Claim-by-claim scope summary (what each claim actually covers)

What is the most actionable infringement “decision tree”?

1. Does the product administer dipyridamole + acetylsalicylic acid at 8:1 to 100:1?
   • Yes: method claim 16 exposure increases for claimed outcomes.
2. Is the product a capsule containing both components together in the same capsule?
   • Yes: composition claims 1/2 become more relevant.
3. Does the dipyridamole use acid-excipient granules/pellets with >=1 equivalent acid per 1 mol dipyridamole?
   • Yes: enteric-acid system likely satisfies core formulation.
4. Does the dipyridamole enteric coating match the “lacqueur” class split and polymer families?
   • Yes: claims 7/8 style restrictions are more likely to be met.
5. Does the aspirin tablet have a sucrose coating?
   • Yes: claims 9/10/15 risk rises.

Key Takeaways

• US 6,015,577 protects a dipyridamole plus acetylsalicylic acid oral capsule with a required 8:1 to 100:1 weight ratio and a dipyridamole sub-formulation built on acid excipient stoichiometry (>=1 equivalent per 1 mol dipyridamole) plus a defined enteric lacquer system.
• Dependent claims narrow the scope to specific acid excipients, enteric polymer families, and explicit sucrose-coated aspirin tablets and polymer ratio ranges.
• Method claims (16-20) extend enforceability via administration of both drugs at 8:1 to 100:1 to inhibit clot formation and specific vascular events, without requiring the same formulation architecture.
• The most direct design-arounds that map cleanly to claim language are to (i) break the ratio, (ii) break capsule togetherness, (iii) break the acid-excipient equivalent requirement, and/or (iv) break the enteric lacquer polymer-class/fraction mapping.

FAQs

1) If a product uses the same 8:1 to 100:1 dipyridamole-to-aspirin ratio, does it automatically infringe?
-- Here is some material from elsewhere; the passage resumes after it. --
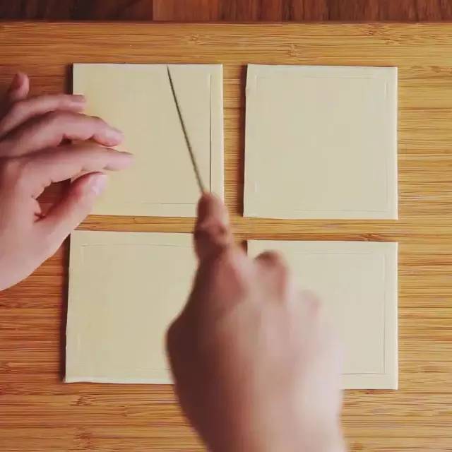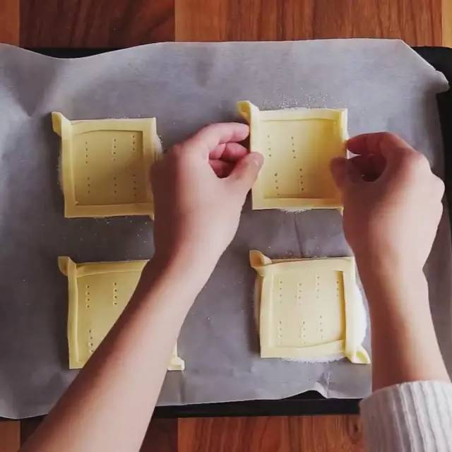 切出來的酥皮留下兩個角落完整的邊緣。帶切邊到另一邊拉過,疊麻花狀。

No. Composition claims also require specific formulation and coating architecture (granules vs pellets, acid-excipient equivalents, and enteric lacquer systems inside the capsule). Method claim 16 risk is the one that primarily follows the ratio.

2) Are dipyridamole and aspirin salt forms included?

Yes. Claims specify dipyridamole and acetylsalicylic acid with “pharmaceutically acceptable salts,” which keeps salts within literal coverage if construed to be acceptable.

3) Which formulation element is usually the hardest for a competitor to change while staying in the same product concept?

The dipyridamole enteric coating architecture and the acid-excipient stoichiometric constraint, because the claim language ties them to explicit equivalents and a defined lacquer class split with polymer-family examples.

4) Does sucrose matter?

Sucrose is a dependent limitation for aspirin tablet coating (Claims 9, 10, and the explicit structure in Claim 15). Avoiding sucrose can help avoid those dependent claim targets, though it does not eliminate exposure to independent composition claim elements that do not state sucrose.

5) Can this patent be asserted against different dosage unit formats?

Composition claims as written require “all components being contained together within a capsule.” If a product uses separate units instead of a single capsule containing both, composition claim literal coverage is weaker. Method claims can still apply if the dosing regimen matches the claimed ratio and outcomes.

References

[1] United States Patent 6,015,577 (claim text provided by user).